There are already lots of appraisals pouring in about the brilliant jurist Robert Bork. John Podhoretz has an encomium in Commentary echoing Bork's own explanation of his central belief that politics is best left to politicians and judges should be restrained and merely interpret the law--a line that Republican candidates repeat as if by rote.
Whether or not you accept this sense of self at face value or not, there is an irony to Bork's career. He wanted politics left to politicians and yet it was politics in all its messiness and ugliness that undid his Supreme Court nomination. Liberal interest groups targeted him and even some GOP Senators like Arlen Specter abandonned him when his nomination came before the Senate. Not surprisingly Bork was angered by this but he shouldn't have been surprised that politics made a difference in a political chamber. You want politics? This is it.
It's interesting to speculate about Bork had he made it to the court. Since the seat for which he was nominated went to Anthony Kennedy, the answer is probably a very big deal. The court probably wouldn't have affirmed abortion rights or struck down sodomy laws. Would Bork have shown more restraint in Citizens United where the conservatives seemed to all to eager to overturn laws and precedent on campaign finance.
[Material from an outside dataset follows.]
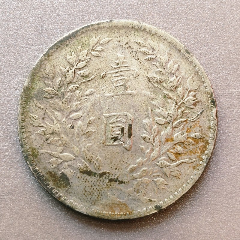 图录号018 民国十年袁世凯壹圆银币(八年背) 质地:银 质量:27.0g 尺寸:38.9x38.9x2.6mm 民国十年袁世凯银币,银色纯正,压力足,包浆传世温润,版别是八年袁世凯背面,空心叶,下五珠,存世数量少见,比普通十年少很多,难得品种,值得收藏。

Would he have overturned the Affordable Care Act? I suspect there are many Americans who feel Bork was mistreated but are also glad that Anthony Kennedy is on the Court nonetheless.
By all accounts, Bork was fun and interesting and one of the really grand figures of Washington even if his book title, Slouching Towards Gomorrah, suggested a scold. He converted to Catholicism with the help of Fr. C. John McCloskey and opus dei priest who assisted the late journalist Robert Novak and Kansas Gov. Sam Brownback to Catholicism. (Bork's widow is a former nun.) I know his daughter Ellen a bit and wish her and her family the best. A giant's fallen.